● **PROBLEM**: In the listing that follows, locate the line containing "此事在帕鲁、鸣潮、燕云、无暖" and the line containing "Pact Navy Blue". Retype exactly those two lines and every line between them, and nothing more.

● **EXTRACTED INFORMATION**:
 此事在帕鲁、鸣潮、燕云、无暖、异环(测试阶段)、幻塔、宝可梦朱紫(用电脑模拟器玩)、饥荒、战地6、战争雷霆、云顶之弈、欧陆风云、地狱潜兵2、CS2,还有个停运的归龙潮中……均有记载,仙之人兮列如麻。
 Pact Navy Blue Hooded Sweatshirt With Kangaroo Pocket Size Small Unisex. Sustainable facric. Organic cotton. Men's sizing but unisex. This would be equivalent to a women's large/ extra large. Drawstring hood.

---

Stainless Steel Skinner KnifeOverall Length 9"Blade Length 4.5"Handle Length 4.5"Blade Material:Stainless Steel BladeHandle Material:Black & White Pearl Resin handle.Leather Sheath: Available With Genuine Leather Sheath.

● **RESPONSE TO THIS EXERCISE**:
 此事在帕鲁、鸣潮、燕云、无暖、异环(测试阶段)、幻塔、宝可梦朱紫(用电脑模拟器玩)、饥荒、战地6、战争雷霆、云顶之弈、欧陆风云、地狱潜兵2、CS2,还有个停运的归龙潮中……均有记载,仙之人兮列如麻。
 Pact Navy Blue Hooded Sweatshirt With Kangaroo Pocket Size Small Unisex. Sustainable facric. Organic cotton. Men's sizing but unisex. This would be equivalent to a women's large/ extra large. Drawstring hood.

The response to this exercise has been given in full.